Designing a mobile toolkit for teacher educators
This week (March 8-11th) I was invited to present at the annual UNESCO Mobile Learning Week, 2016 event in Paris. This event has been running for five years now and brings together interested parties from across the world to share ideas and best practices in the use of mobile learning technologies and pedagogies. This year the focus was on 'innovating for quality' and the event highlighted the ways in which mobile technologies can be leveraged (according to context and for different groups) to support innovation, and assure high-quality learning opportunities for all people, in line with the United Nation's Sustainable Development Agenda.
I chose to present the current progress of our MTTEP Erasmus+ project which fitted into the 'Making quality education a reality for all learners' track since the main purpose of the MTTEP project is to leverage pedagogical change by ensuring newly qualified teachers are trained in the use of mobile technologies by their tutors in universities and schools. The presentation itself can be viewed at : https://www.zeetings.com/kevinburden/0001-4877-0002 and using this online platform (Zeetings) viewers can also leave questions and make comments.
The thrust of my presentation was based on the research I have undertaken with colleagues in Australia that shows how teachers, and teacher educators in particular, are not yet fully aware of the range of pedagogical approaches afforded through the use of mobile technologies to bring about more personalised, authentic and collaborative learning opportunities for students. I presented the iPAC framework for mobile learning which we have developed and explained how the Mobilising and Transforming Teacher Educators' Pedagogies project is utilising this framework to underpin the development of a mobile learning toolkit for teachers. This will include an online survey tool to evaluate and measure users current adoption of mobile technologies; a series of multimedia mobile learning case studies to illustrate best practice; a rubric for evaluating the pedagogical value of apps; a selection of eBooks and a 12 week online course helping educators to understand how best to use mobile technologies for pedagogical purposes. All of these resources will be available freely as OER under a Creative Commons license.

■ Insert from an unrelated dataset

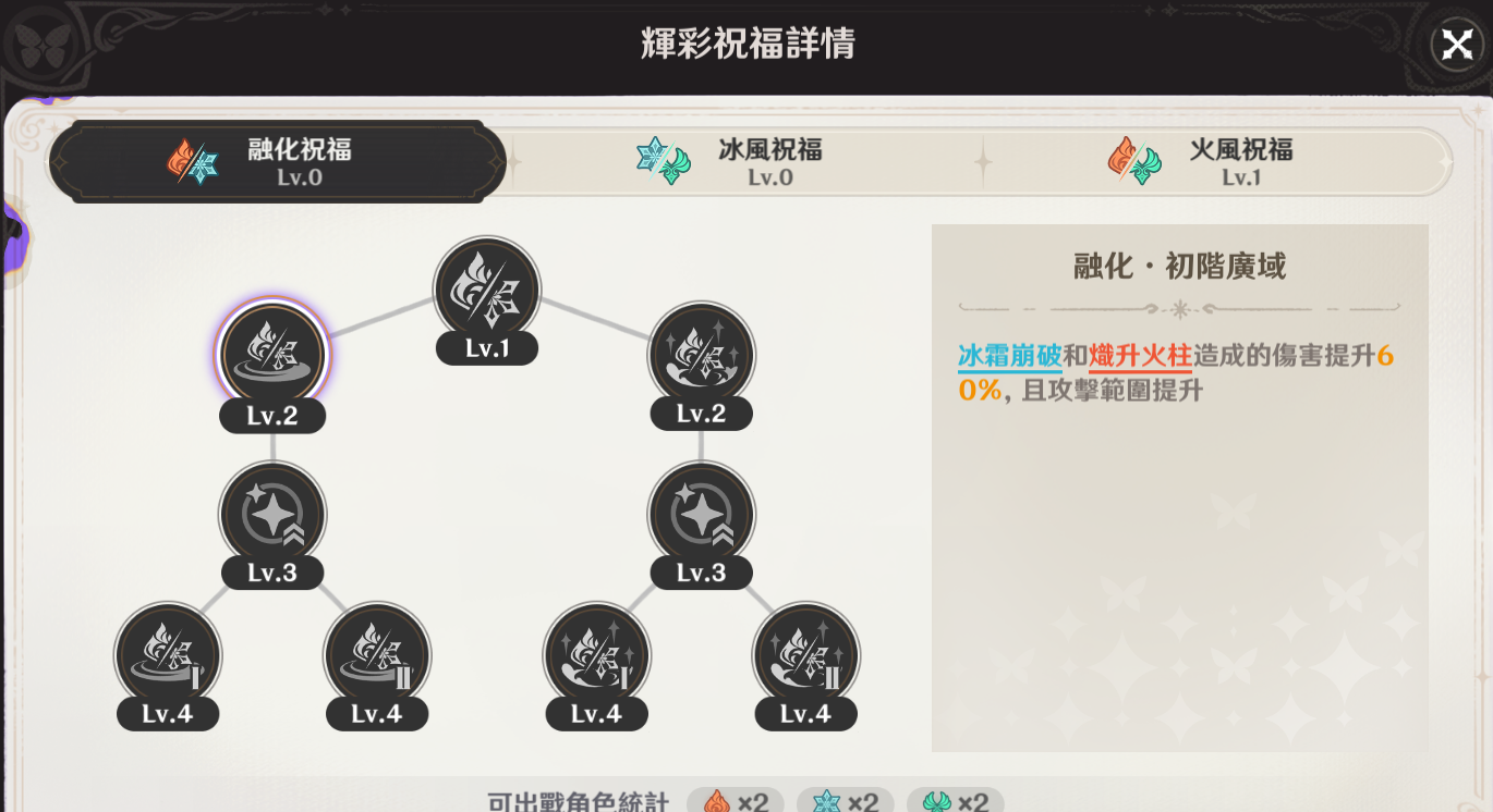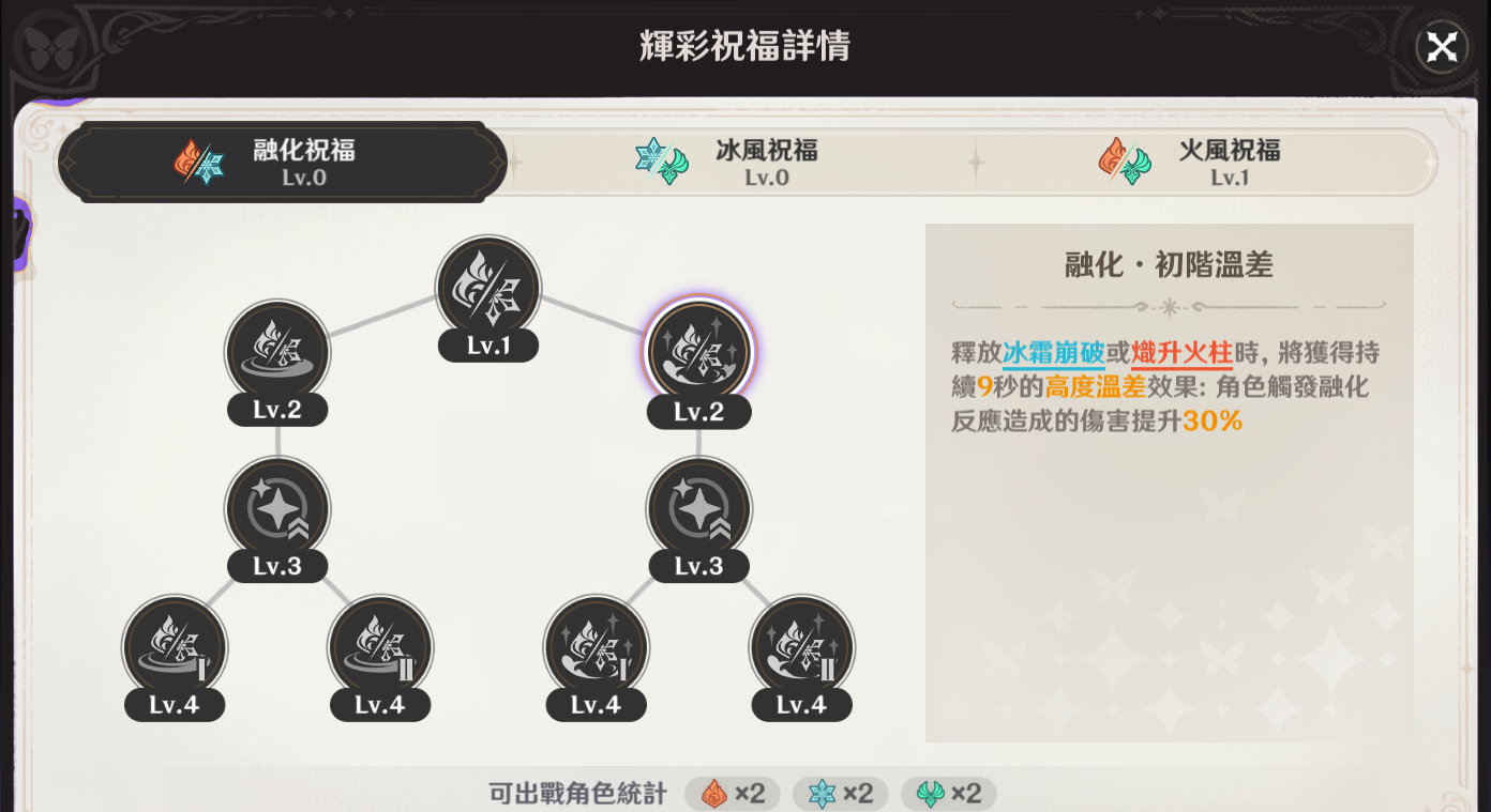 比如这次的火冰风,初始的后台冰角色不多不好触发融化,此时可以考虑用风系来染色触发。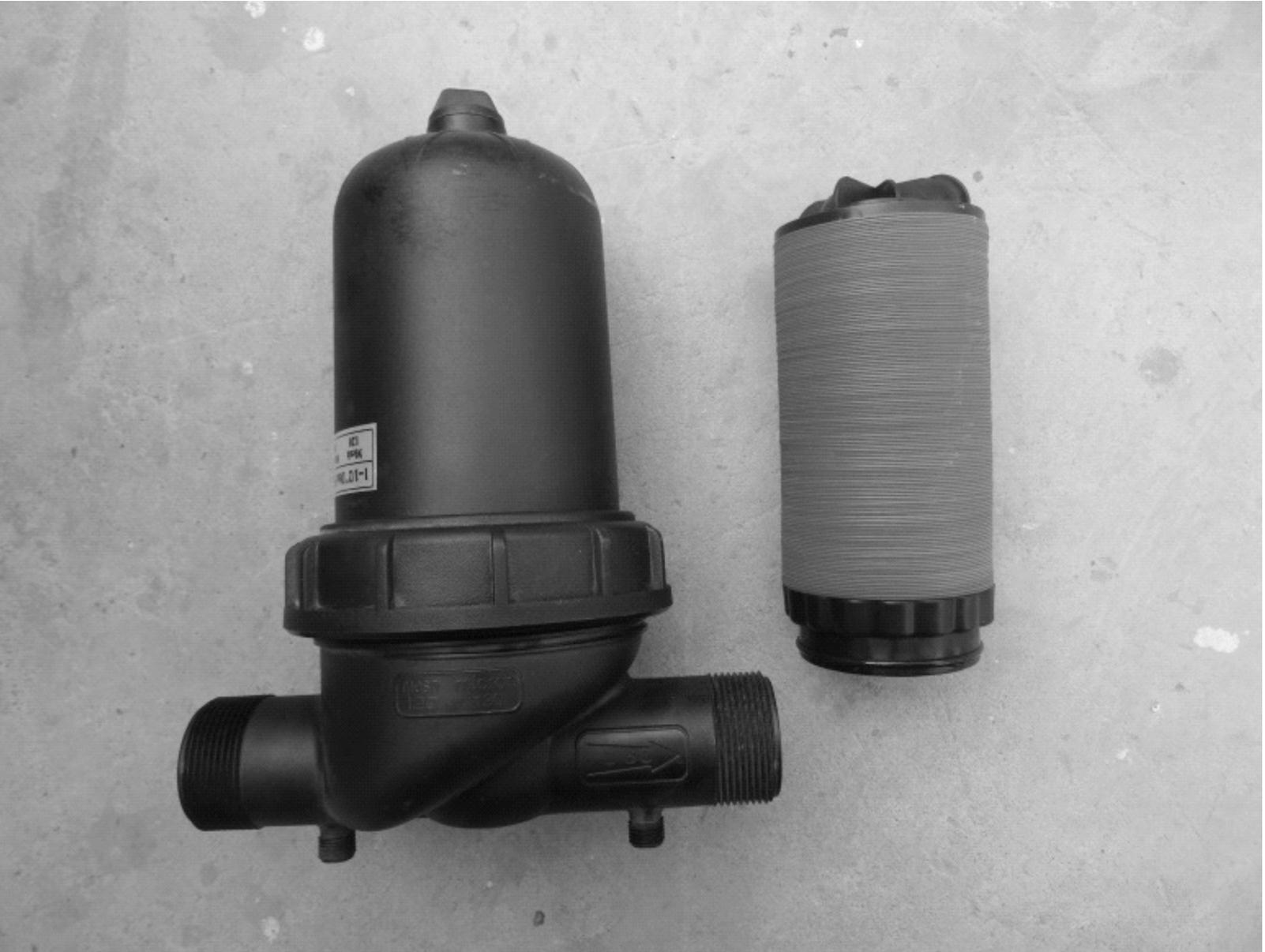 对于灌溉水中物理杂质的处理则主要采取拦截过滤的方法,常见的有拦污栅(网)、沉淀池和过滤器。过滤设备根据所用的材料和过滤方式可分为筛网式过滤器、叠片式过滤器、砂石过滤器、离心分离器、自净式网眼过滤器、沉沙池、拦污栅(网)等。在选择过滤设备时要根据灌溉水源的水质、水中污物的各类、杂质含量,结合各种过滤设备的规格、特点及本身的抗堵塞性能,进行合理的选取。

The audience was composed of educators, policy-makers and school leaders who were interested to find out how the mobile learning toolkit might be of value to them. Feedback was extremely positive with many enquiries about using the toolkit and working alongside us as we develop a wider network of users. There was also interest from publishers and others involved in the creation of eBooks since the early stages of the project have featured the development of these resources.